Быть может, здесь уже замешалось немного воображения, но человек, который в эту пору прячется от солнца или равнодушен к нему, внушает мне величайшее недоверие к потайным прелестям его натуры. При всем желании любить всех людей, а по отношению к врагам быть даже предупредительным, я не могу отрешиться от мысли, что этот теневой человек так же каменно-тверд, как подмерзшая грязь, по которой он шагает, а кровь его так же холодна, как и не согретый лучами солнца воздух, которым он дышит. Присматриваясь ближе, я делаю много интересных выводов о людях теневой стороны.

Одни из них равнодушно переходят из стороны на сторону, не замечая солнца и неуязвимые для его ласковых стрел. Это люди, которые не любят природы и не любят жизни, потому что нельзя любить жизнь, оставаясь равнодушным к солнцу, синему небу, всей божественной красоте мироздания. Они и людей не любят, эти равнодушные; очень возможно и часто случается, что они честно выполняют свои обязанности, платят аккуратно долги и подставляют щеку, когда кому-нибудь захочется по ней ударить, но это — та честность, та самая убийственная честность, вблизи которой нельзя заводить в стене ни одного крюка: тотчас кто-нибудь повесится. Та честность, от которой слабые духом слабеют окончательно, а сильных охватывает нестерпимое желание ударить многократно честного по голове палкой и сказать:

— Не будь честен! Не будь честен! Будь жив!

На других людях теневой стороны вы увидите калоши, {466} хотя бы на улице было сухо, и я считаю своим долгом предупредить вас, сударыня: как бы ни уговаривали вас родители, ни за что не выходите замуж за этого господина в калошах. Это эгоист, самый скверный из всех видов эгоиста, ибо вся его человеческая душа направлена к охранению собственной персоны. Вы думаете, он не любит солнца и тепла? О, нет, он любит их, и если ему гарантировать полную безопасность, он с удовольствием подставит спину, но сейчас это рискованно: на солнце он может вспотеть, а в тени охладеть и простудиться, а потом и умереть. В мае, когда все станут искать прохлады, он вылезет на солнце, ибо в благовремении и пропотеть бывает полезно. Около этого человека так же удобно повеситься, как и возле первого, и даже еще удобнее: первый двадцать раз настойчиво будет перерезать веревку, а этот с готовностью потянет за ноги, дабы избавиться от неприятного вида корчей.

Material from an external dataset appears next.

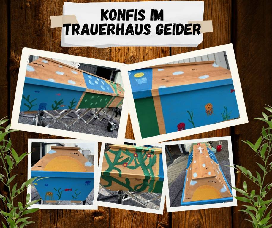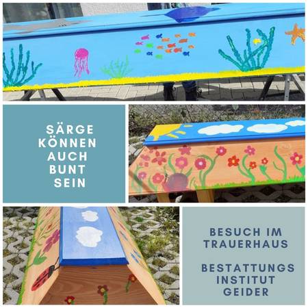 Eine fröhliche Auseinandersetzung mit dem Tod ist immer wieder die Gestaltung eines Sargs. Das Bestattungsunternehmen Geider lässt den Erlös des bemalten Sargs einem guten Zweck zukommen. Herzlichen Dank für die Zeit und Möglichkeit, das Trauerhaus mit den Jugendlichen besichtigen zu können.

Третьи из людей теневой стороны принадлежат к породе ночных птиц, и молодой воин — солнце всегда их непримиримый враг. Они его боятся и ненавидят. Они ненавидят жизнь. Их душа — клубок спутавшихся змей, слепых и жадных, жалящих друг друга и того, в чьем сердце они приютились и человеческим теплом которого согрелись. Это страшные и несчастные люди, как несчастны все те, кто обречен быть хранилищем зла на земле.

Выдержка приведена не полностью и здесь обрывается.